ELMSFORD, N.Y., Dec. 11, 2018 (GLOBE NEWSWIRE) -- NanoVibronix, Inc, (NASDAQ: NAOV), a medical device company utilizing the Company's proprietary and patented low intensity surface acoustic wave (SAW) technology, today announced it has appointed Quasar as its contract manufacturer for the PainShield^®, UroShield^®, WoundShield^® as well as other devices.

Quasar () is a medical device manufacturer with over 30 years of experience, serving major brands worldwide, with complex catheters, disposables, and FDA regulated assemblies. Quasar delivers a full lifecycle array of engineering services, including design-to-cost, jigs and tool design, as well as unique production process-design services that allow for the highest levels of efficiency and productivity. Quasar is ISO9001 and ISO13485 certified, as well as FDA registered.

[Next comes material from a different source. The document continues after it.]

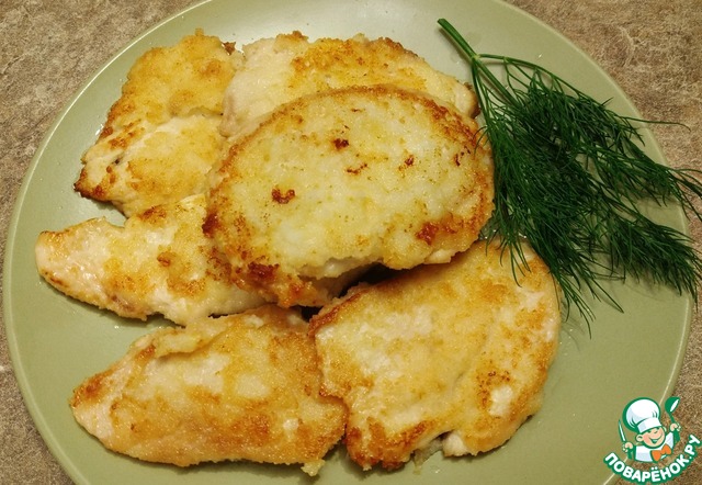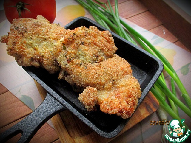 Подготовить панировку. У меня это была манная крупа со специями для курицы.

Brian Murphy, Chief Executive Officer of NanoVibronix, commented, "We are delighted to announce the timely selection of Quasar as we begin our commercial ramp-up.  Quasar brings decades of medical device manufacturing experience in China with on-site western ownership and management.  Their turnkey solutions include supply chain management, production and quality engineering, manufacturing, testing and logistics. They have a demonstrated track record working with leading medical device companies and the ability to ensure high quality, high volume production to support our aggressive growth plans. By outsourcing manufacturing, we expect to generate meaningful cost savings, which should allow us to lower our selling price, increase production to meet revenue expectations, open additional markets, and improve profitability.”

About NanoVibronix 

NanoVibronix Inc. (NASDAQ: ) is a medical device company headquartered in Elmsford, New York with research and development in Nesher, Israel, that is focused on developing medical devices utilizing its proprietary and patented low intensity surface acoustic wave technology. The company's technology allows for the creation of low-frequency ultrasound waves that can be utilized for a variety of medical applications, including the disruption of biofilms and bacteria colonization, as well as providing pain relief. The devices can be administered at home, without the assistance of medical professionals. The company's primary products include PainShield, UroShield and WoundShield. Additional information about the company is available at: .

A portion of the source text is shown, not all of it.